Population (June 2025)
- • Total: 1,000
- • Density: 44/km^{2} (110/sq mi)
- Time zone: UTC+12 (NZST)
- • Summer (DST): UTC+13 (NZDT)

= Tuahiwi =

Village in Canterbury, New Zealand

Tuahiwi is a small New Zealand settlement located between Woodend and Rangiora. It is 6 km north of Kaiapoi.

==History==
===Pre-European===
Tuahiwi is the modern day primary domicile of Ngāi Tūahuriri hapū of Ngāi Tahu. In 1831, prior to European settlement, this pā, and the main Kaiapoi Pā nearby had been attacked by Te Rauparaha in a revenge raid (utu). Following a protracted siege which saw Kaiapoi Pā razed and subsequently abandoned, Tuahiwi became the central Ngāi Tūāhuriri pā. The site was reserved for Māori in 1848 by Walter Mantell following the signing of Kemp's Deed. Meanwhile, a new European settlement arose along the banks of the north branch of the Waimakariri River, named Kaiapoi.

===Development===
The carved meeting house Tūtekawa that almost burnt down in 1870 succumbed to fire in 1879. Significant colonial developments included the establishment of a Māori mission, which included a church, Saint Stephen's, built in 1867 with its foundation stone having been laid by Governor George Grey on his visit to the settlement.

In 1890, Tuahiwi was described as having a neat village of Māori residences. The old whare had been replaced by fenced cottages with gardens. A school, the Anglican church and country meeting hall functioning as a wharenui, were in the centre of the community. The Native Land Court used the hall from time to time.

===Events===
In 1900 the Tuahiwi hall was used as a base by D Company of the 1st North Canterbury Mounted Rifle Battalion, a volunteer unit. The Mounted Rifles included Tuahiwi Māori who protested to the Premier Richard Seddon in 1901 on being refused permission to fight in the Second Boer War .

Reginald Koettlitz and a number of members of Scott's Discovery Expedition made a goodwill visit to Tuahiwi in December 1901 prior to the expedition's departure from Lyttelton for Antarctica.

== Demographics ==
The Tuahiwi statistical area covers 22.71 km2. It had an estimated population of as of with a population density of people per km^{2}.

Tuahiwi had a population of 969 in the 2023 New Zealand census, an increase of 24 people (2.5%) since the 2018 census, and an increase of 6 people (0.6%) since the 2013 census. There were 498 males, 468 females, and 3 people of other genders in 339 dwellings. 3.1% of people identified as LGBTIQ+. The median age was 45.8 years (compared with 38.1 years nationally). There were 156 people (16.1%) aged under 15 years, 159 (16.4%) aged 15 to 29, 495 (51.1%) aged 30 to 64, and 153 (15.8%) aged 65 or older.
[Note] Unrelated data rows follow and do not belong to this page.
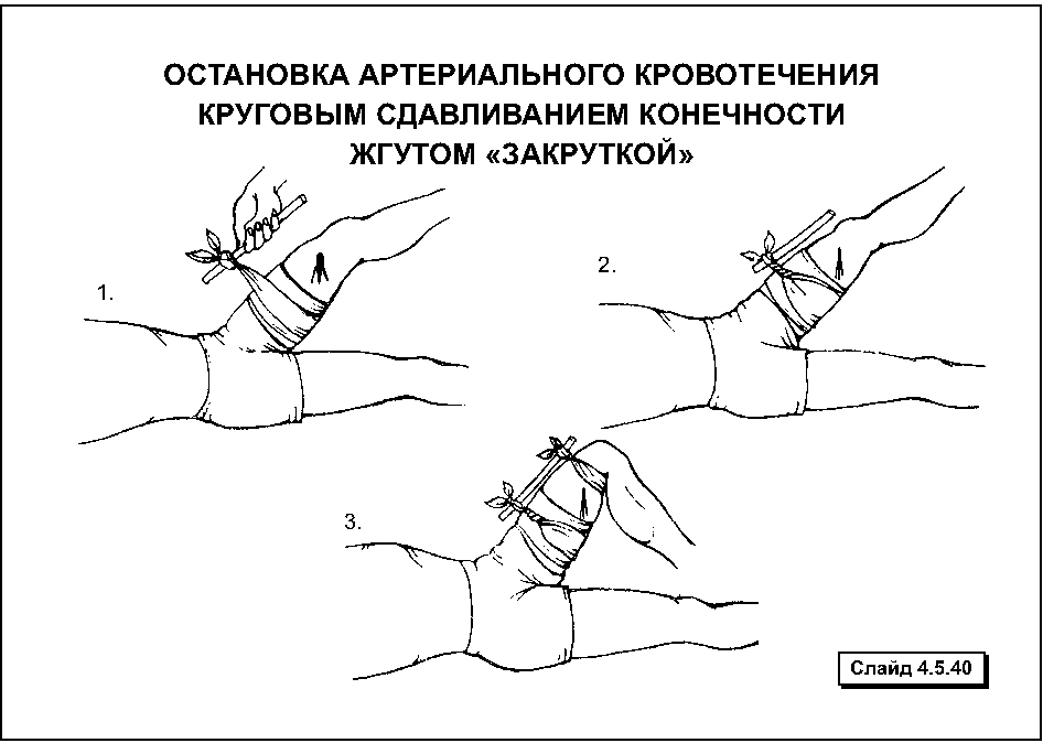 5. Круговое сдавливание конечности жгутом резиновым или жгутом «закруткой» (слайд 4.5.40).
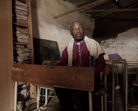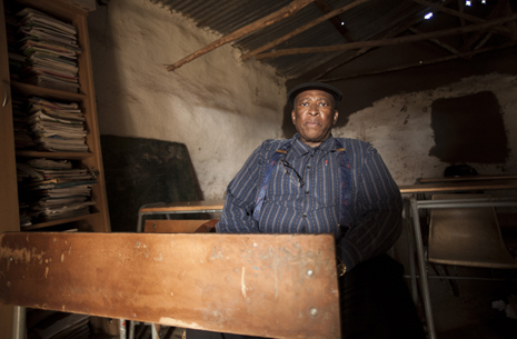 Photo: Zakes Mda sits inside a mudschool, Samson Senior Secondary
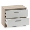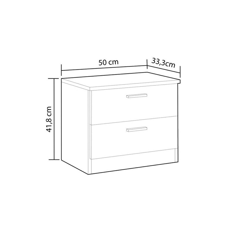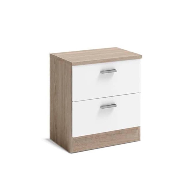 Estructura en melamina de alta resistencia color sahara y blanco. Cajones con guías metálicas. Su diseño moderno y elegante, con líneas sencillas y colores neutros, combina con cualquier diseño de dormitorio.
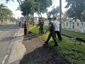 **SINGOJURUH** – Upaya mendukung program peluncuran Banyuwangi Asri diwujudkan melalui kegiatan kerja bakti yang digelar di depan Kantor Kecamatan Singojuruh, Kabupaten Banyuwangi, Rabu (18/2/2026) pagi.
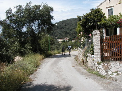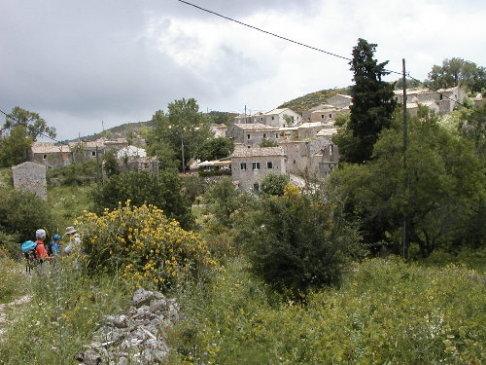 Es war Pfingstsonntag, und als wir an der kleinen griechisch orthodoxen Kirche am Ende des Dorfes vorbeikamen, erschall schöner Chorgesang via Lautsprecher aus dem Inneren der Kirche. Durch das offene Kirchenportal konnten wir die Messe beobachten und etwas Weniges von der feierlichen Stimmung erahnen. Aber weiter ging es für uns aufwärts durch dichten grünen Wald auf schönem Pfad nach Santa, wo wir aber schon beim ersten Haus vor dem Dorfeingang auf eine nach Buch “ruhige” Asphaltstrasse Richtung Mengoulas nach links abbogen. |
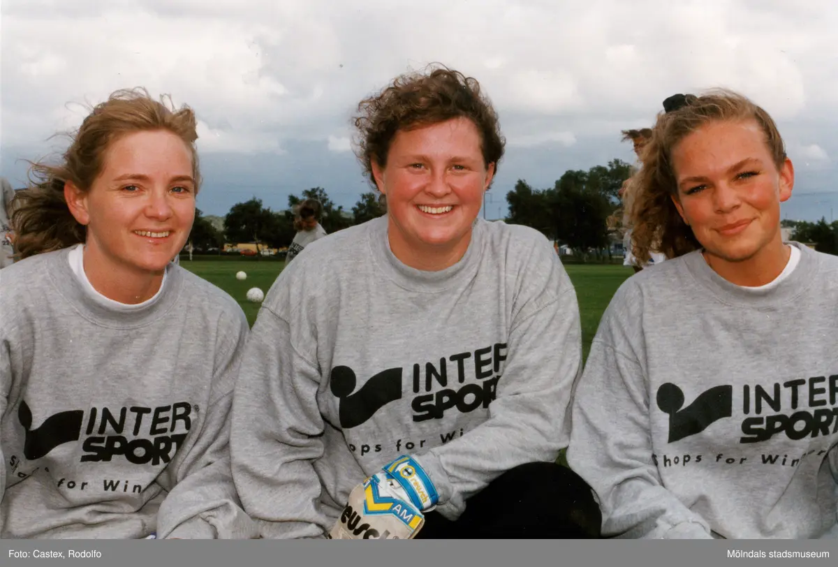 Porträtt av tre Jitex BK-spelare: Camilla Svensson, Eva Larsson och Pernilla Bowall. De tre representerade Sverige i de olympiska spelen i Atlanta 1996. Fotografi taget på Åbyvallen i Åby, Mölndal, samma år.
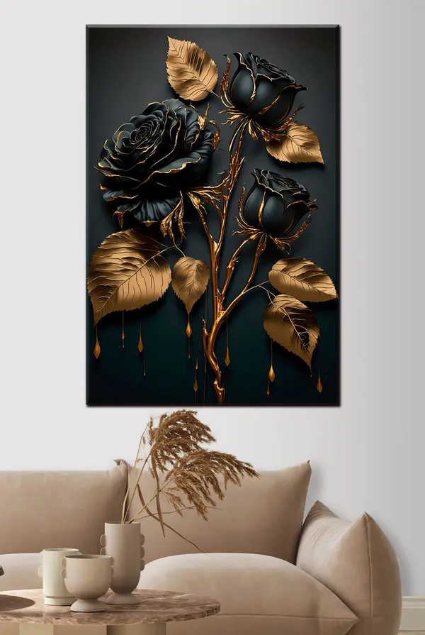 Glezna Melnā roze ar lapām s33700

People could identify as more than one ethnicity. The results were 87.0% European (Pākehā); 22.6% Māori; 1.5% Pasifika; 3.7% Asian; 0.6% Middle Eastern, Latin American and African New Zealanders (MELAA); and 3.1% other, which includes people giving their ethnicity as "New Zealander". English was spoken by 98.5%, Māori by 5.6%, and other languages by 5.3%. No language could be spoken by 1.2% (e.g. too young to talk). New Zealand Sign Language was known by 0.3%. The percentage of people born overseas was 14.6, compared with 28.8% nationally.

Religious affiliations were 25.7% Christian, 0.3% Hindu, 0.3% Islam, 2.5% Māori religious beliefs, 0.3% Buddhist, 1.2% New Age, 0.3% Jewish, and 0.6% other religions. People who answered that they had no religion were 62.2%, and 7.1% of people did not answer the census question.

Of those at least 15 years old, 126 (15.5%) people had a bachelor's or higher degree, 495 (60.9%) had a post-high school certificate or diploma, and 189 (23.2%) people exclusively held high school qualifications. The median income was $41,900, compared with $41,500 nationally. 87 people (10.7%) earned over $100,000 compared to 12.1% nationally. The employment status of those at least 15 was 423 (52.0%) full-time, 129 (15.9%) part-time, and 15 (1.8%) unemployed.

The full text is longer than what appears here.